Посудачили и ушли. У каждого свои дела, не до пришлой.
К вечеру похолодало. Девушка немного отдышалась, но её начал бить озноб. Нужно было как-то устраиваться на ночлег. Она огляделась. На улице не было никого, все сидели по своим избам, у тёплых печек, а на столе в каждой избе стоял горячий ужин. Слёзы снова потекли из глаз девушки. Ей вдруг стало невыразимо жаль себя, голодную, замерзающую на пустой деревенской дороге. «Надо было постараться и дойти до следующей деревни, там бы, наверное, пустили в какой-нибудь дом. Может уже бы спала на тёплой печке», — горестно прошептала она и закрыв глаза легла на холодную землю, собираясь умереть.
— Пошли, хватит мёрзнуть, — толкнул её кто-то за плечо.
Девушка открыла глаза. Перед ней стоял некрасивый, растрёпанный парень с чуть кривоватой шеей.
— Вы кто? – всхлипнула погорелица.
— Серый. Пошли, ночью заморозок будет. Нечего тебе тут оставаться.
Она больше ничего не сказала и покорно пошла за ним следом.
Избушка Серого тоже была грязная и неказистая. Но так там было тепло, такой вкусный был ужин, что девушке показалось, будто она попала на то волшебное озеро, о котором так много слышала дома. Вода там всегда прозрачная и тёплая, в лесу столько всего, что никогда голодной не будешь, и такое всё вкусное, что и словами не передать. И так тепло у того волшебного озера, что и дома не надо, прямо на шёлковой травке можно спать, не замёрзнешь. И лучше того озера места на свете нет.
Девушка заулыбалась:
— Хорошо здесь. Прямо как на волшебном озере.

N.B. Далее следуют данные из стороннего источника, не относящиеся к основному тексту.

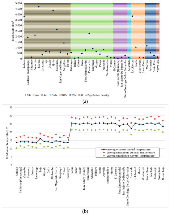 Ecuador only emitted 0.16% of the global greenhouse gas (GHG) emissions in 2018 [20]. In this country, GHG emissions from the production sector of raw materials and materials was 3.2% in 2018, whereas energy was responsible for 51% of emissions in the same year, with the building sector being within this category with a total of 2529.58 Gg CO2-eq in comparison with the 75,326.87 Gg CO2-eq generated by all categories in that year [21]. Consequently, the Ecuadorian territory is also affected by global warming, following the global trend of rising temperatures, demands and, therefore, greenhouse gas emissions [22]. Given its climate diversity, it is interesting to study how it affects parishes so as to obtain more detailed results of the consequences. According to several studies, climate change has led to floor erosion, with sub-Saharan Africa, South America, and Southeast Asia being the most affected areas between 2001 and 2012 [23]. Ecuador has acquired a commitment as part of both the United Nations Framework Convention on Climate Change (UNFCCC) and the Paris Agreement, as well as the recognition of a shared responsibility to protect the climate as a common good of humankind. In addition, since 2016, the National Energy Agenda was published, which seeks to decarbonize the country’s electricity sector with the use of hydroelectric plants [24].

— На каком ещё озере? – насупился Серый.
— Волшебном.
И она незаметно рассказала ему про чистое озеро, щедрый лес и шёлковую травку. И про то, что искать заповедное место нужно где-то на юге. Только не каждому оно откроется.
— Почему это? – сурово спросил Серый.
— Чтобы злое сердце волшебство не испортило.
— Злое сердце, — недовольно повторил Серый. – Спи давай, а то вон глаза слипаются.
И укрыл её тёплым полушубком.
— Спа… — начала она благодарить, но не окончила, провалившись в тёплый, приятный сон о волшебном озере.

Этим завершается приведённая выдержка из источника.